Они вспоминали об этом, когда приближались к ядру кометы Кара.

Ильин теперь заметил, что звезды гаснут, словно заслоняемые дискообразным телом, и загораются вновь, когда оно проходит.

Неопознанный летающий объект? Сколько он слышал, читал и скептически спорил о них, а вот теперь видит загадочный диск своими глазами.

Пилоты «летающей тарелки», разбившейся в штате Нью-Мексико в 1947 году, препарированные в лаборатории Пентагона, оказались бесполыми биороботами. Их засняли на кинопленку, рассекреченную еще в XX веке. Но Ильин считал это подделкой.

А между тем замеченный им объект подлетел к абрамцевскому лесу и, сделав непостижимо крутой вираж, опустился на поляну с могучим дубом с одной стороны и удивительным семейством пяти березок, растущих из одного корня, с противоположной.

Неведомый исследовательский зонд перешел из одного параллельного мира в другой, как бы спустившись с верхнего этажа трехэтажного дома на средний.

Три опоры примяли белые ромашки с пятнами голубеньких незабудок.
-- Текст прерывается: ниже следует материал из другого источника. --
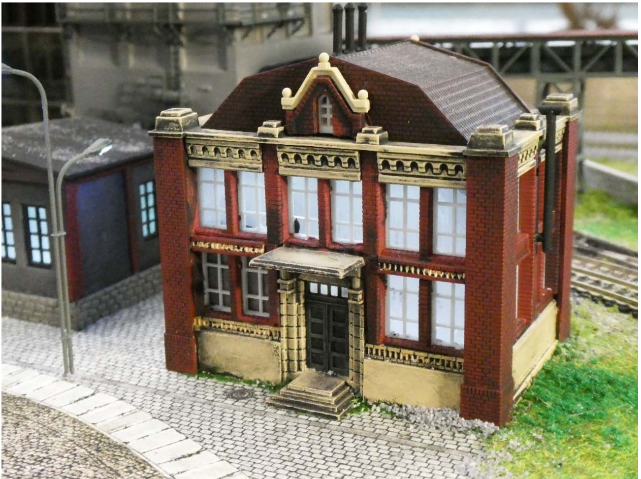
Verwaltungsgebäude der Zeche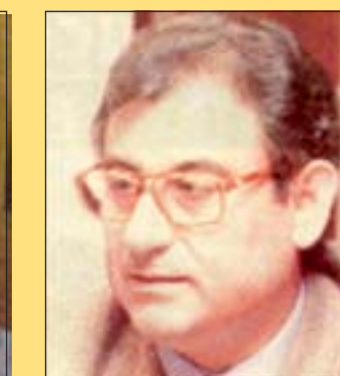
Francisco Castro Empresarios

"Para la Federación de Asociaciones de vecinos supone una inmensa alegría ver que las gestiones municipales han sido efectivas. Ahora estaremos vigilantes para seguir todo el proceso: que el desmantelamiento se lleve a cabo con todas las medidas de seguridad necesarias, que no queden residuos, que la operación se lleve a cabo de una vez. Además, el cierre de la planta permitirá poner a disposición de la ciudad unos terrenos para los que presentaremos nuestras peticiones de servicios".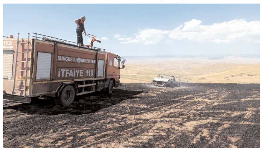
Otomobille birlikte tarlada yandı.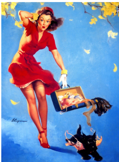
Kuva 11. Gil Elvgren pin-up , Louis F. Dow & Co , 1945

Pin-up oli trendi, joka tuotti runsaasti alkuperäistä taidetta. Brown & Bigelow'n ja Esquiren kaltaiset julkaisijat työllistivät useita taiteilijoita, jotka nauttivat suurta suosiota. Kenties tunnetuin pin-up-taiteilija oli Gil Elvgren (Kuva 11), jonka teoksissa kiteytyy koko pin-up-taiteen ydin. Kuten kollegansa Art Frahm, Elvgren maalasi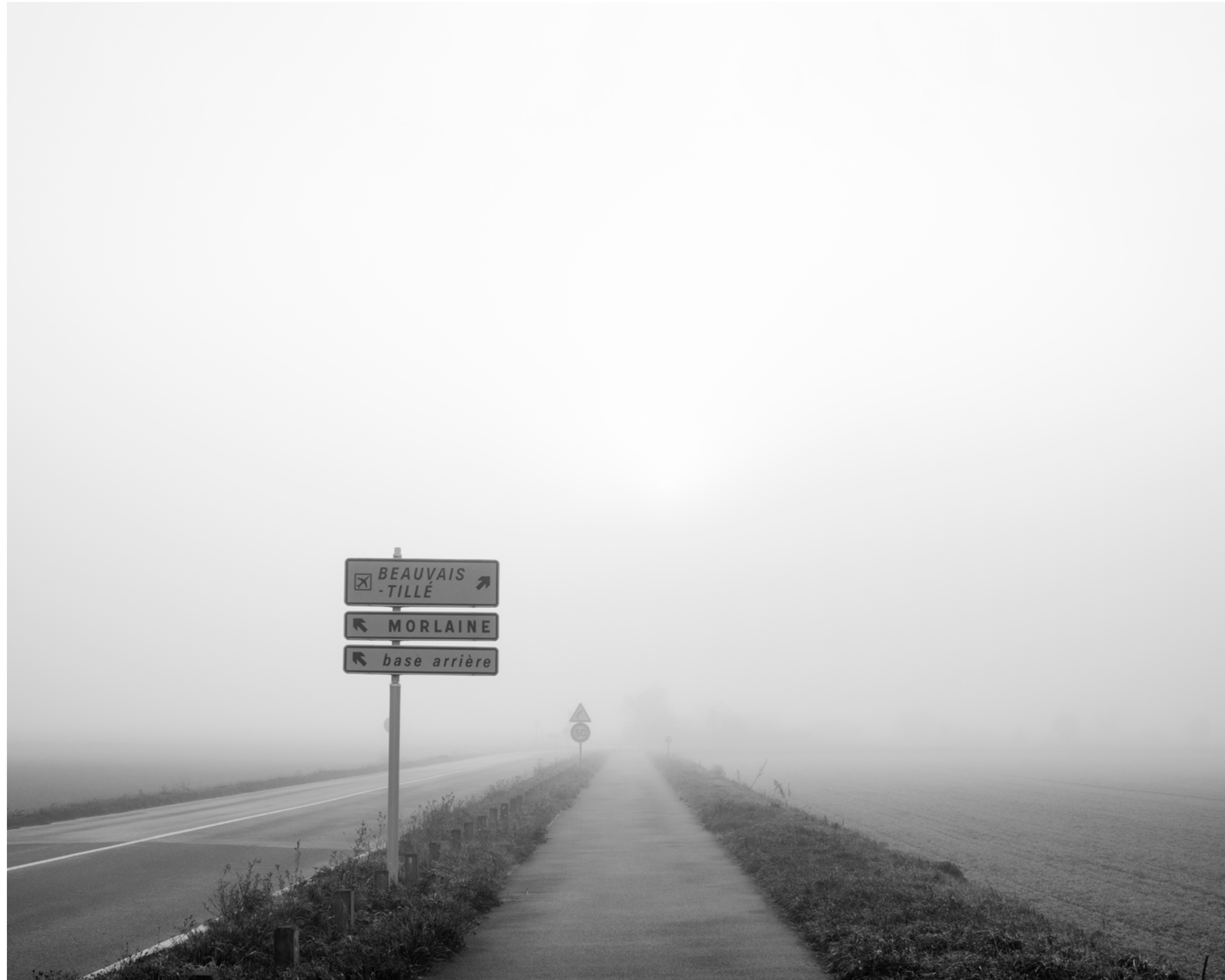
The fog outside the gate, #016

Крышка люка откинулась, оттуда появилась лестница и коснулась травы. Потом в проеме показался седобородый старец и, не воспользовавшись лестницей, взмахнув, как крылом, серебряным плащом, словно не ощущая тяжести, пролетел над ступеньками, потом над частью лужайки и опустился около пяти березок, улыбнувшись им.

Через приборчик, висевший у него на груди, он отдал распоряжение появившемуся в люке уродцу с треугольной, заостренной книзу головой, огромными, косо поставленными глазами и крохотным подбородком. Биоробот захлопнул за собой крышку, поднял аппарат в воздух, и тот исчез, перейдя в другое измерение.

Навстречу друг другу по улице Великого композитора шли два человека из разных параллельных миров и сошлись неподалеку от скромной дачки на взгорье.

Пришелец сразу узнал всемирно известного еще четверть века назад Героя Земли, крепкого, коренастого, круглолицего, с запоминающейся улыбкой и с заметной теперь проседью на висках:

— Герою Земли, президенту, сердечный привет мудрецов!

— Уже не президенту, — горько усмехнулся Ильин.

— В архивах есть такая запись. За вами прилетел в ваш мир, о том, что ждет вас, зная.

— Я не понял, о чем вы говорите, но позвольте предложить вам пройтись со мной хотя бы в ближайший парк прежней усадьбы.

Он хотел увести старца подальше от сфокусированных на даче подслушивающих лучей.

Пришелец кивнул в знак согласия.

Шли молча. Разговаривать пока было трудно: Ильин повел старца извилистой тропкой к берегу речки. Они перешли ее по железнодорожной насыпи, под которую она ныряла. Карабкались по крутому склону возвышенности и, наконец, не достигли плотины пруда. Перейдя ее, оказались в парке. В конце аллеи виднелся прежний помещичий дом с колоннами.

На берегу нашлась удобная скамейка.

— Я узнал вас, почтенный Наза Вец, увидев с веранды, и поспешил навстречу. Всегда принимал вас за выдумку, позволяющую автору решить свои задачи. И никак не ожидал, что буду сидеть рядом со сказочным персонажем на берегу пруда, где горевала сказочная Аленушка о своем братце Иванушке.

— Но Васнецов-художник сказкой реальное горе показал.

— Но вы—то не рисунок, а живая плоть и кровь, притом как будто нестареющая.

— Сомненья ваши мне понятны. Живой пред вами Наза Вец. А потому я не старею, что лишь на краткий миг являюсь к вам, былую Летопись листать. Я остаюсь самим собой в безвременье между мирами. Мое же время отмечает биенье сердца моего. «Моих часов» пройдет немного для перехода в другой век.

— Что привело вас в наши годы, и как нам удалось найти меня?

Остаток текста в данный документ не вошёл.